COLLECTED MATERIAL:
BEGIN
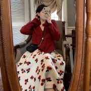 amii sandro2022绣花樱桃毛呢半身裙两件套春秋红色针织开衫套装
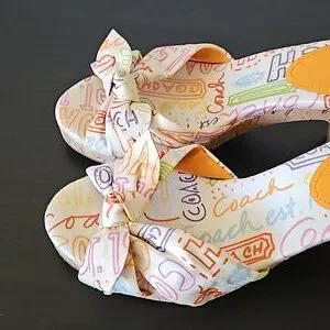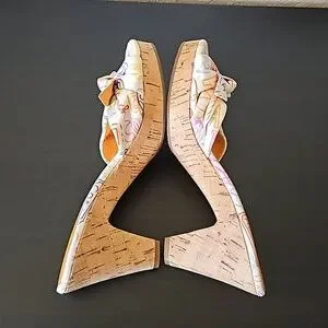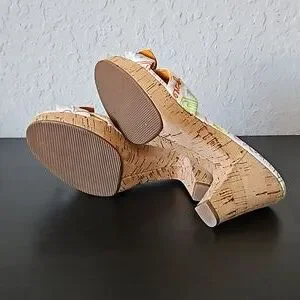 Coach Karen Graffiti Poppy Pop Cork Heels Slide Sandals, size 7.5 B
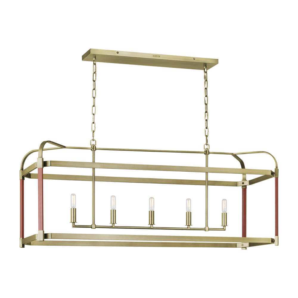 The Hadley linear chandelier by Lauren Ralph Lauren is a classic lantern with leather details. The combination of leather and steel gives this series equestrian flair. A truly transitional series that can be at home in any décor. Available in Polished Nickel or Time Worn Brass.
END
PROBLEM TO SOLVE: Print the complete listing exactly, apart from any pictures.

RESULT:
 amii sandro2022绣花樱桃毛呢半身裙两件套春秋红色针织开衫套装
 Coach Karen Graffiti Poppy Pop Cork Heels Slide Sandals, size 7.5 B
 The Hadley linear chandelier by Lauren Ralph Lauren is a classic lantern with leather details. The combination of leather and steel gives this series equestrian flair. A truly transitional series that can be at home in any décor. Available in Polished Nickel or Time Worn Brass.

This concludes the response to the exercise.